◆ PROMPT
Among the entries below, retype exactly the lines starting with the one with "Напишите для Робота" and going on through the one with "Fleece Blanket, To", but not the pictures.

:: RECORDS SHOWN

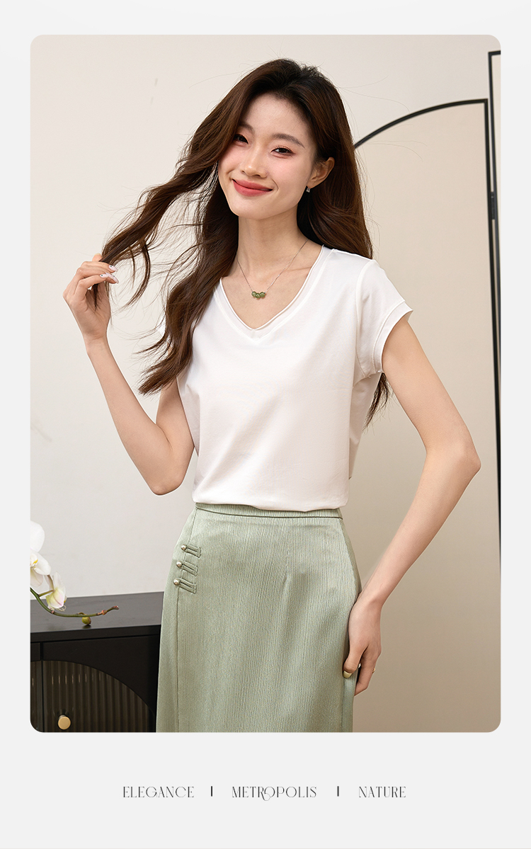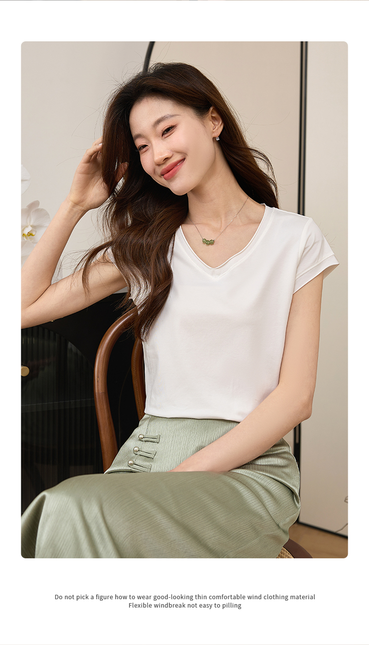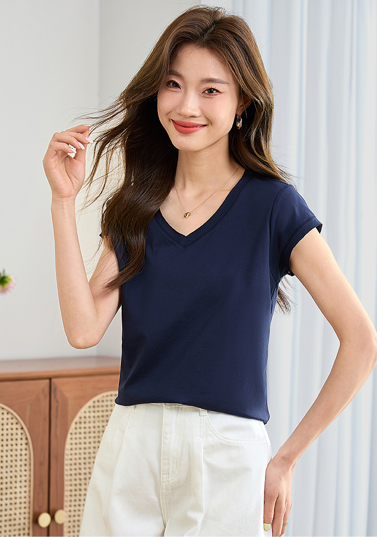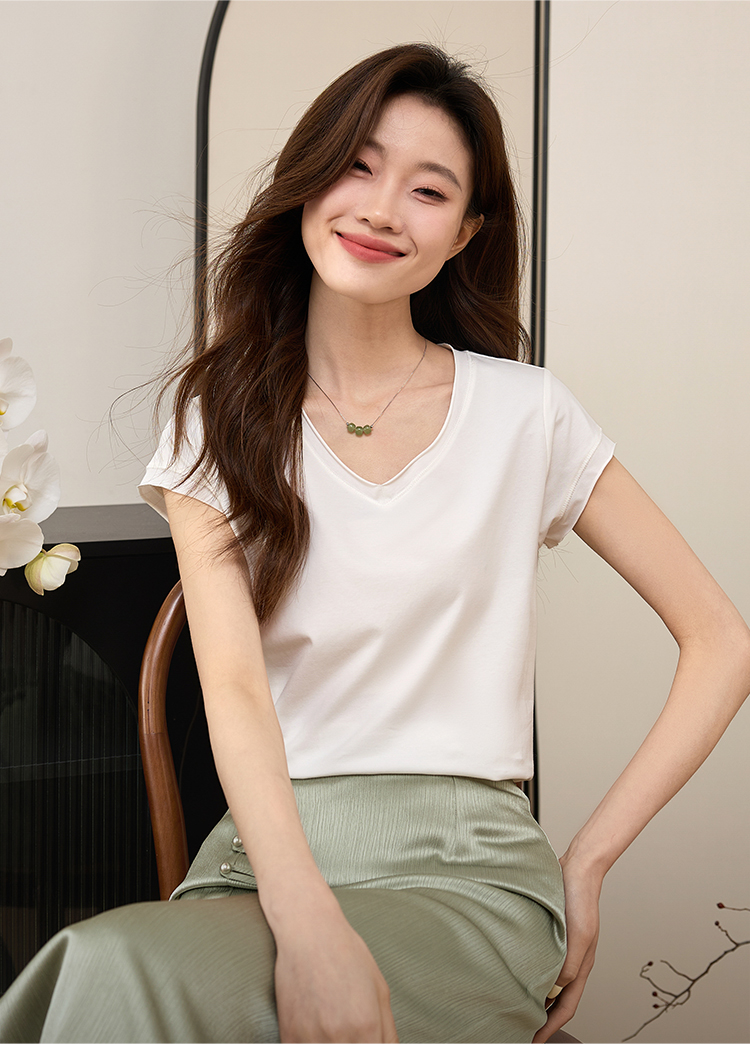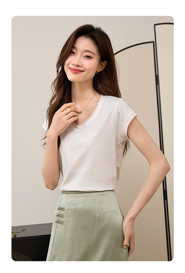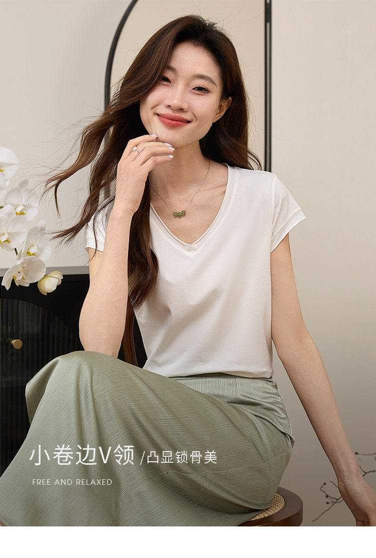 【专属特价】熙世界多色短袖基础款卷边纯色体恤打底外穿V领百搭T恤上衣166ST253
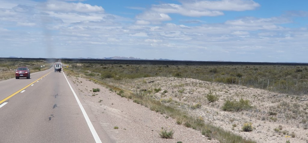 ’s Ochtends is de wind gelukkig wat afgezwakt als we opnieuw de Ruta 3 oprijden. Het waait nog steeds hard maar niet meer zo extreem.
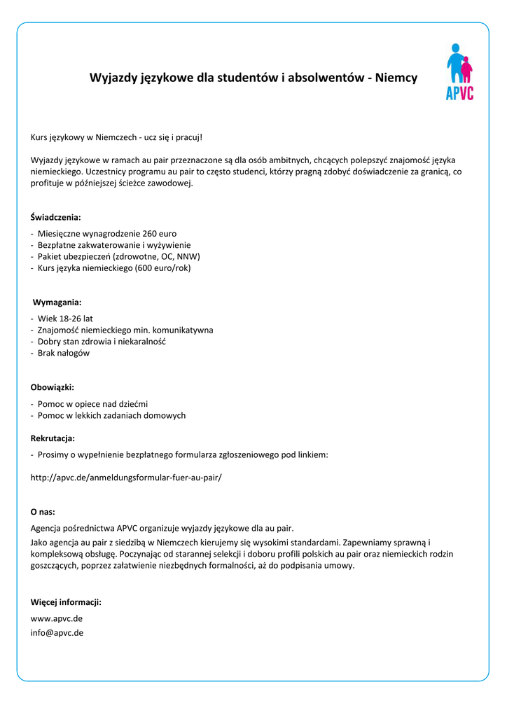 Wyjazdy językowe dla studentów i absolwentów - Niemcy Kurs językowy w Niemczech - ucz się i pracuj! Wyjazdy językowe w ramach au pair przeznaczone są dla osób ambitnych, chcących polepszyć znajomość języka niemieckiego. Uczestnicy programu au pair to często studenci, którzy pragną zdobyć doświadczenie za granicą, co profituje w późniejszej ścieżce zawodowej. Świadczenia: - Miesięczne wynagrodzenie 260 euro Bezpłatne zakwaterowanie i wyżywienie Pakiet ubezpieczeń (zdrowotne, OC, NNW) Kurs języka niemieckiego (600 euro/rok) Wymagania: - Wiek 18-26 lat Znajomość niemieckiego min. komunikatywna Dobry stan zdrowia i niekaralność Brak nałogów Obowiązki: - Pomoc w opiece nad dziećmi - Pomoc w lekkich zadaniach domowych Rekrutacja: - Prosimy o wypełnienie bezpłatnego formularza zgłoszeniowego pod linkiem: http://apvc.de/anmeldungsformular-fuer-au-pair/ O nas: Agencja pośrednictwa APVC organizuje wyjazdy językowe dla au pair. Jako agencja au pair z siedzibą w Niemczech kierujemy się wysokimi standardami. Zapewniamy sprawną i kompleksową obsługę. Poczynając od starannej selekcji i doboru profili polskich au pair oraz niemieckich rodzin goszczących, poprzez załatwienie niezbędnych formalności, aż do podpisania umowy. Więcej informacji: www.apvc.de [email protected]
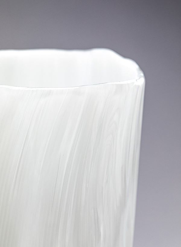 Pasta vitrea di colore bianco lattimo con superficie a rilievi.
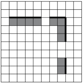Напишите для Робота алгоритм, закрашивающий все клетки, расположенные непосредственно ниже горизонтальной стены и левее вертикальной стены. Проходы должны остаться незакрашенными. Робот должен закрасить только клетки, удовлетворяющие данному условию. Например, для приведённого выше рисунка Робот должен закрасить следующие клетки (см. рисунок).
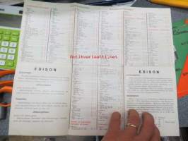 Fazerin Musiikkikauppa - lyhytluettelo; Pienoispiano, Kangasala-Fazer urkuharmoonit, Viulut, Kanteleet, Banjot, His Masters Voice matkagramofoneja, HB-Harmonikkoja
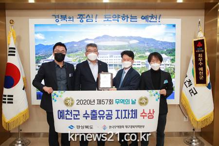 예천군(군수 김학동)이 제57회 무역의 날을 맞아 ‘2020년도 수출유공 지자체’에 선정되는 쾌거를 이뤘다.
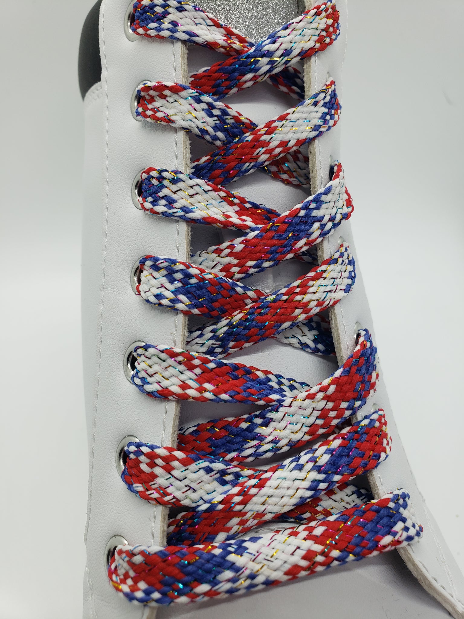 Flat American Flag Sparkle Shoelaces - Red, White and Blue
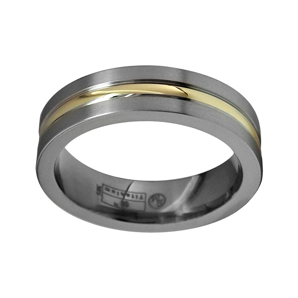 Titanium Wedding Ring For Men Gold Tone Step Down Edges 8mm
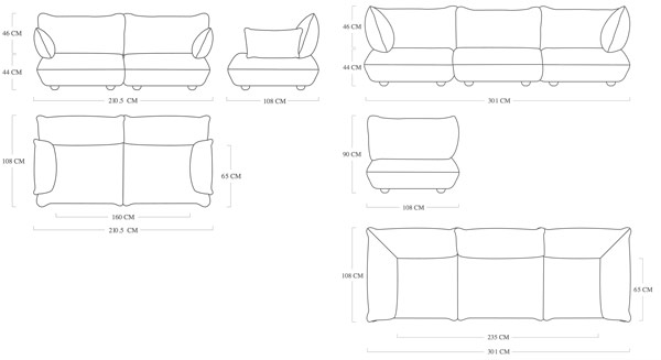 2 places : L 210.5 x Prof. 108 x H90 cm
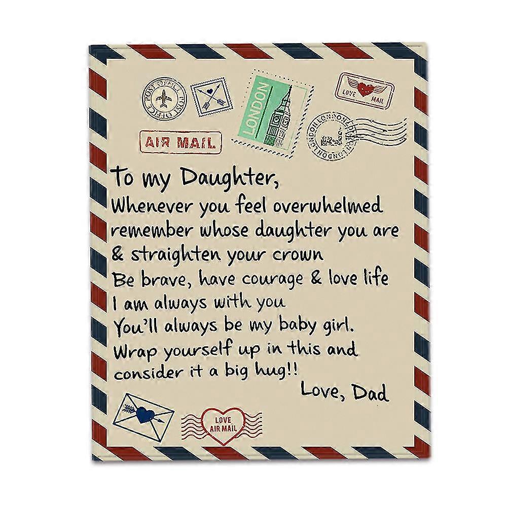 Fleece Blanket, To My Daughter Letter Printed Quilts, Dad For Daughter's Air Mail Encourage Quotes Flannel Blanket
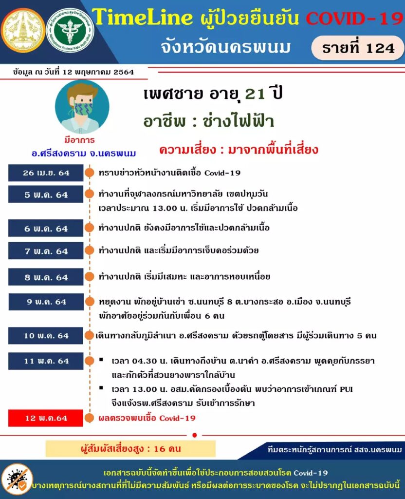 ผู้สื่อข่าวโตโจ้นิวส์รายงานว่า นายไกรสร กองฉลาด ผู้ว่าราชการจังหวัดนครพนม แถลงสถานการณ์การแพร่ระบาดของเชื้อไวรัสโควิด-19 โดยพบผู้ติดเชื้อใหม่เพิ่ม 1 ราย เป็นชายอายุ 21 ปี เป็นช่างไฟฟ้าอยู่ในพื้นที่เสี่ยงสูง จ.นนทบุรี หลังหัวหน้างานติดเชื้อโควิดช่วงปลายเดือน เม.ย. แต่ตัวเองไม่ยอมเข้ารับการตรวจค้นหาเชื้อยังคงไปทำงานตามปกติ

::::

◆ OUTPUT BELOW
Напишите для Робота алгоритм, закрашивающий все клетки, расположенные непосредственно ниже горизонтальной стены и левее вертикальной стены. Проходы должны остаться незакрашенными. Робот должен закрасить только клетки, удовлетворяющие данному условию. Например, для приведённого выше рисунка Робот должен закрасить следующие клетки (см. рисунок).
 Fazerin Musiikkikauppa - lyhytluettelo; Pienoispiano, Kangasala-Fazer urkuharmoonit, Viulut, Kanteleet, Banjot, His Masters Voice matkagramofoneja, HB-Harmonikkoja
 예천군(군수 김학동)이 제57회 무역의 날을 맞아 ‘2020년도 수출유공 지자체’에 선정되는 쾌거를 이뤘다.
 Flat American Flag Sparkle Shoelaces - Red, White and Blue
 Titanium Wedding Ring For Men Gold Tone Step Down Edges 8mm
 2 places : L 210.5 x Prof. 108 x H90 cm
 Fleece Blanket, To My Daughter Letter Printed Quilts, Dad For Daughter's Air Mail Encourage Quotes Flannel Blanket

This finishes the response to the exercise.